Food Of Bhutan - 14 Dishes You Must Try While In Bhutan
Bhutan is unique in more ways than one. Apart from being home to majestic valleys and the most picturesque of mountains, it also has a very interesting cuisine to offer. Certain regions also have certain foods they are known for. What the Bhutanese are essentially in love with is spice which comes across so boldly in a variety of their dishes. Those with little tolerance for hot flavours might find themselves a little uneasy however some chefs in various hotels and restaurants take their customer's tolerance level into account and prepare dishes accordingly. Their affinity for cheese is also no less known. Vegetarian tourists could breathe a sigh of relief about their food options. What is interesting to note is that despite the existence of many popular meat-based dishes, a significant number of Bhutanese people are vegetarians. A lot of Indian and Chinese food is also available throughout the country.

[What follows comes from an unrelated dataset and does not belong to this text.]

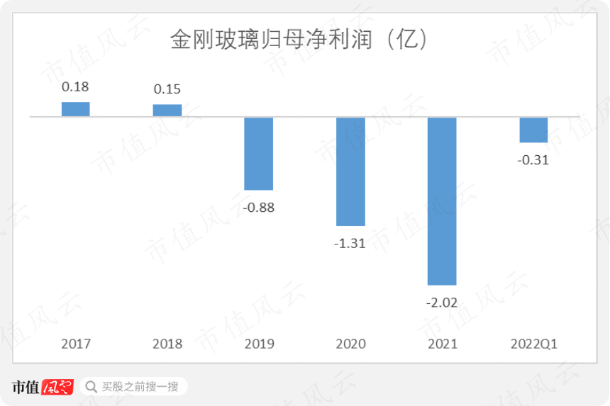 2019年-2021年,金刚玻璃的归母净利润已经连续三年为负,且亏损金额呈现稳定扩大趋势。2021年,公司全年亏损2.02亿,2022年一季度仍然亏损0.31亿。

The following is a list of the Bhutan foods that one must not miss out on their trip to this Himalayan Kingdom:
1. Ema Datshi (Chillies and Cheese)
'Datshi' in the Bhutanese language of Dzongkha means 'cheese', which is what they use in a number of dishes, the most popular being Ema Datshi which is like a stew made from chilies and cheese ('Ema' means chilies) and might prove to be too spicy for some. Being the national dish of Bhutan, it is unarguably the most popular dish in the country, and any discussion about Bhutanese food cannot go without the mention of Ema Datshi. The Bhutanese have a love affair with chillies and cheese is also a very popular item, which comes through in a variety of dishes, including this one. The chillies are split lengthwise with their seeds and ribs removed and are mixed with cheese, garlic, water and some oil. Is this cheese a special kind of farmer's cheese which doesn't dissolve in water and is hardly found outside this nation. Onions and tomatoes are also added sometimes. Yak cheese might also be used. There might be small variations in the preparation of Ema Datshi throughout the nation (such as the consistency of liquid), but the ultimate essence remains
There are also other variations of this dish that is worth trying:
Shakam Datshi is another form of this dish which is made from dried Bhutanese beef which is a very popular meat. The beef is dried and preserved but not completely dehydrated. This is then simmered in cheese and butter.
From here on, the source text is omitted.